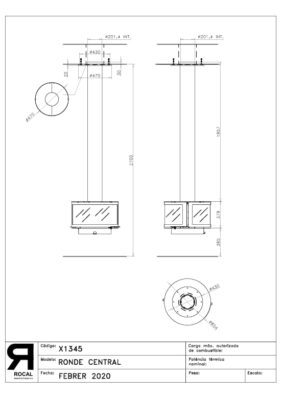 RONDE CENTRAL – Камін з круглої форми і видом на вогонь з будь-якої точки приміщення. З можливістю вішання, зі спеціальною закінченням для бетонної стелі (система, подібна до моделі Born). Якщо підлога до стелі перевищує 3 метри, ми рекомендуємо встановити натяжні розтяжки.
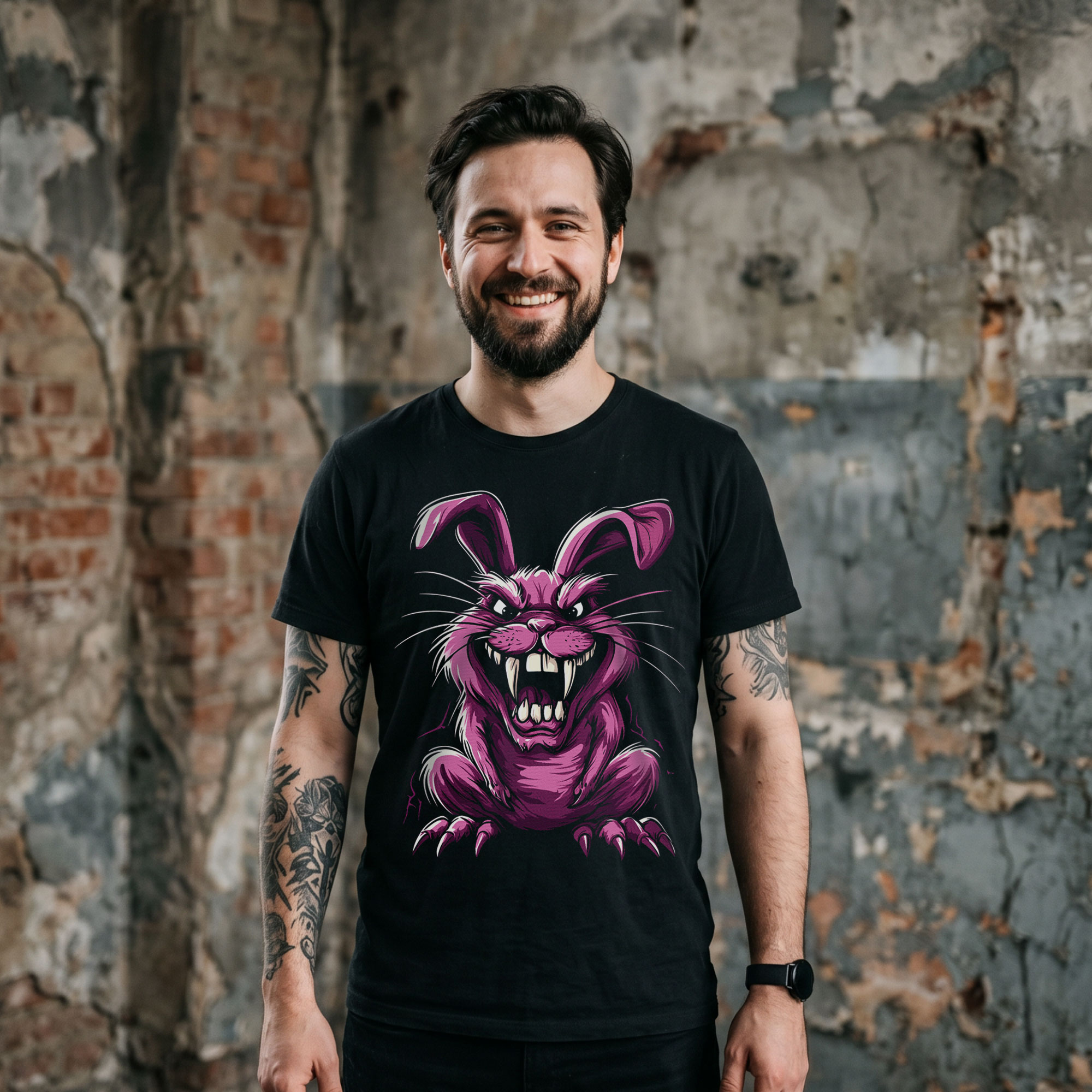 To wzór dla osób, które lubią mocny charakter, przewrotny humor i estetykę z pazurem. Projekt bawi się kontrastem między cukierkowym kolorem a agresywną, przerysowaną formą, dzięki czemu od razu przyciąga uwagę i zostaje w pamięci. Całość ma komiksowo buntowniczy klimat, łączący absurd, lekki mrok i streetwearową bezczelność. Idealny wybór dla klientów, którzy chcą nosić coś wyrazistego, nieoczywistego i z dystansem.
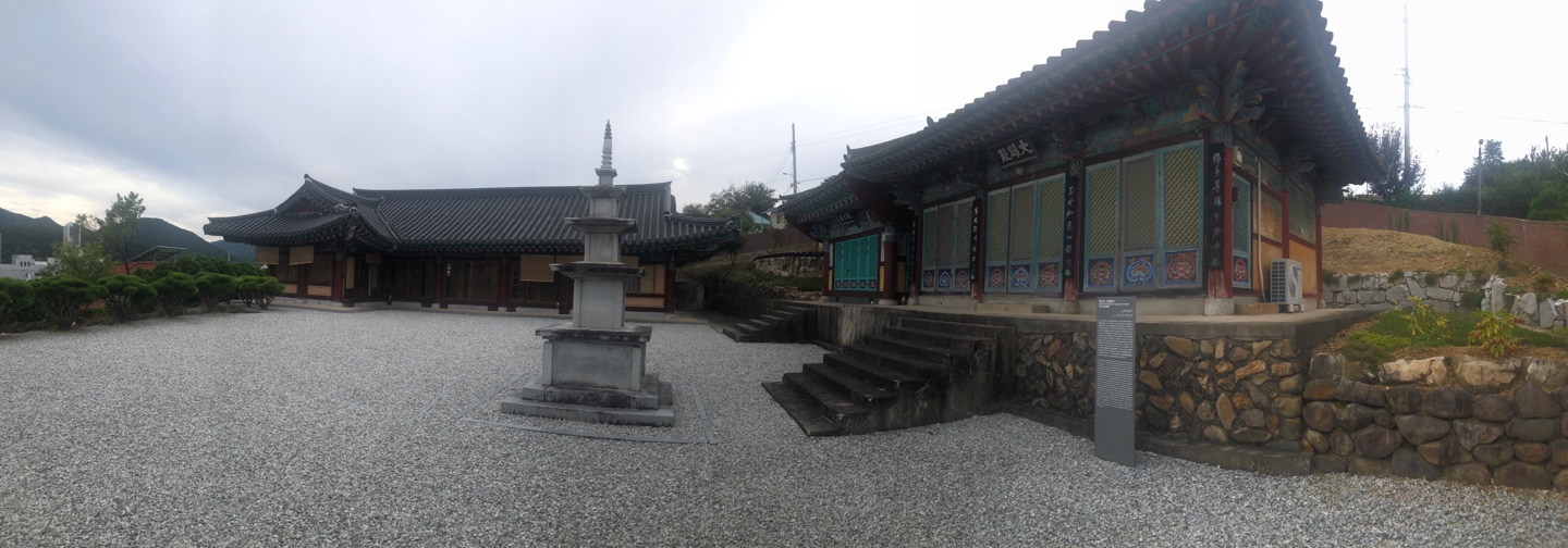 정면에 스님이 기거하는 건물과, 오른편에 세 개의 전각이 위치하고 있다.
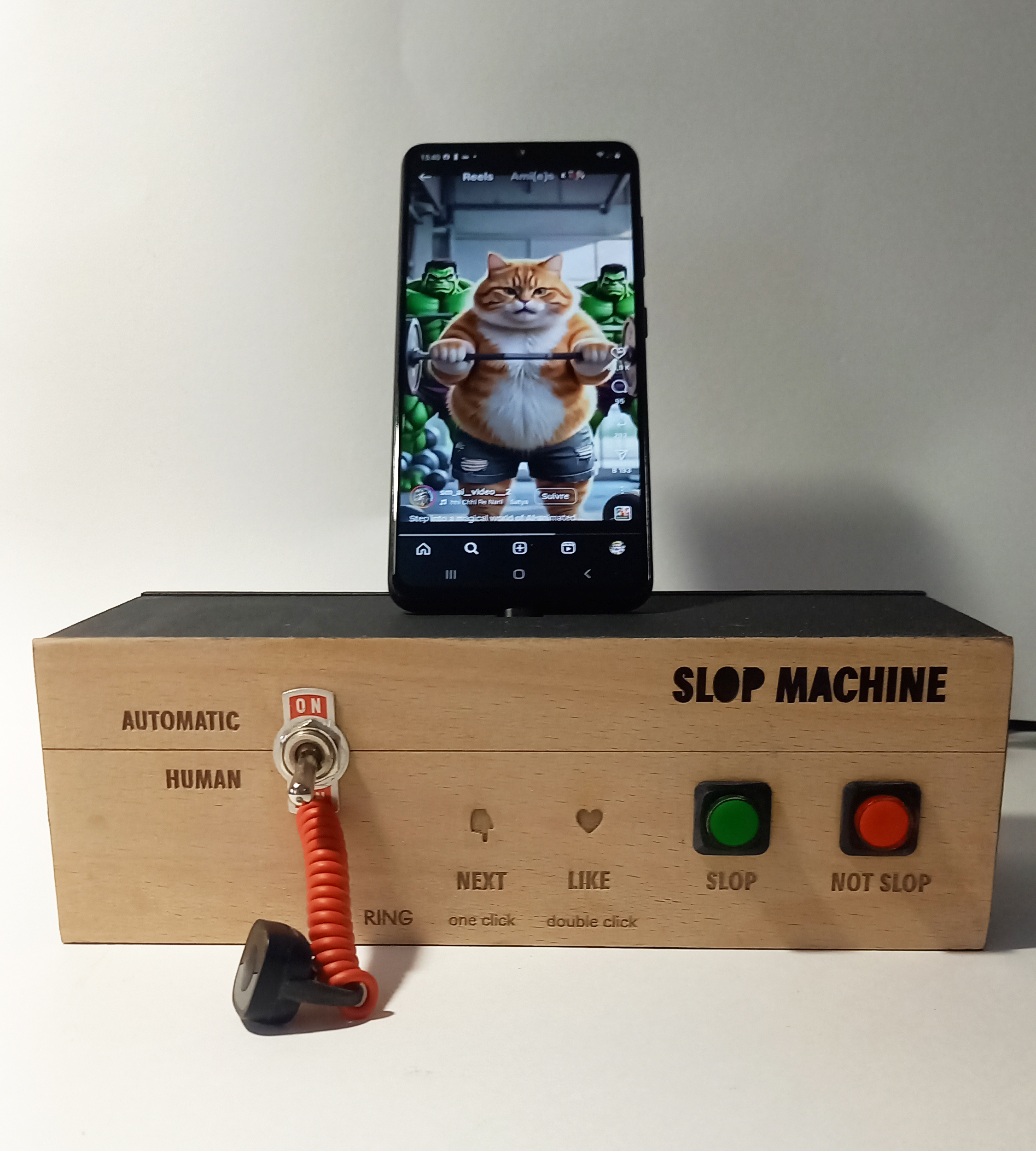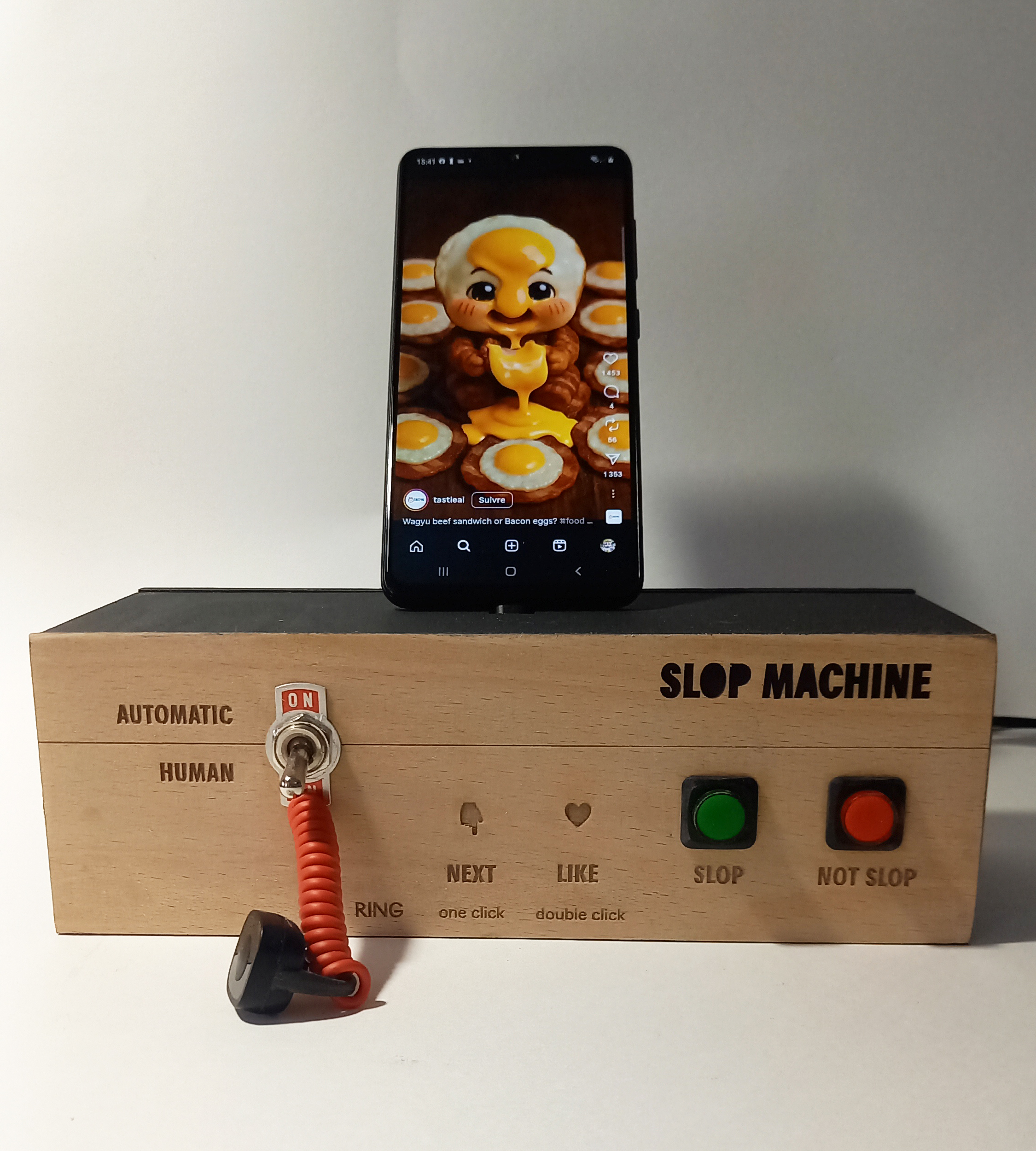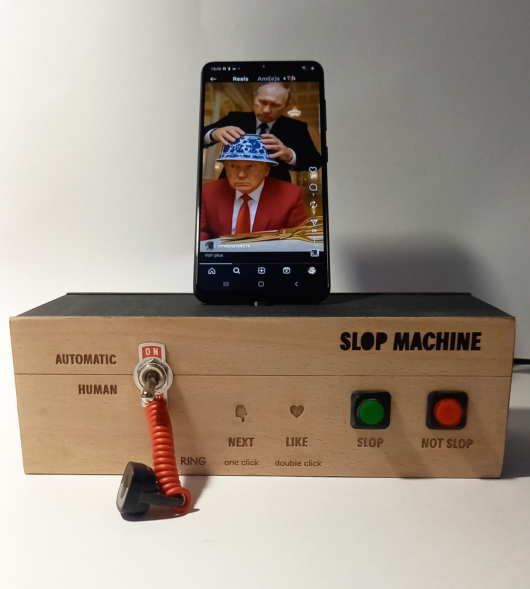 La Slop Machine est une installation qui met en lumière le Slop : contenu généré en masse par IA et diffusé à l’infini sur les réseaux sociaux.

**Task directions:** When you repeat the lines above, keep them exact and leave out each image they contain.

**Answer for the task:**
 RONDE CENTRAL – Камін з круглої форми і видом на вогонь з будь-якої точки приміщення. З можливістю вішання, зі спеціальною закінченням для бетонної стелі (система, подібна до моделі Born). Якщо підлога до стелі перевищує 3 метри, ми рекомендуємо встановити натяжні розтяжки.
 To wzór dla osób, które lubią mocny charakter, przewrotny humor i estetykę z pazurem. Projekt bawi się kontrastem między cukierkowym kolorem a agresywną, przerysowaną formą, dzięki czemu od razu przyciąga uwagę i zostaje w pamięci. Całość ma komiksowo buntowniczy klimat, łączący absurd, lekki mrok i streetwearową bezczelność. Idealny wybór dla klientów, którzy chcą nosić coś wyrazistego, nieoczywistego i z dystansem.
 정면에 스님이 기거하는 건물과, 오른편에 세 개의 전각이 위치하고 있다.
 La Slop Machine est une installation qui met en lumière le Slop : contenu généré en masse par IA et diffusé à l’infini sur les réseaux sociaux.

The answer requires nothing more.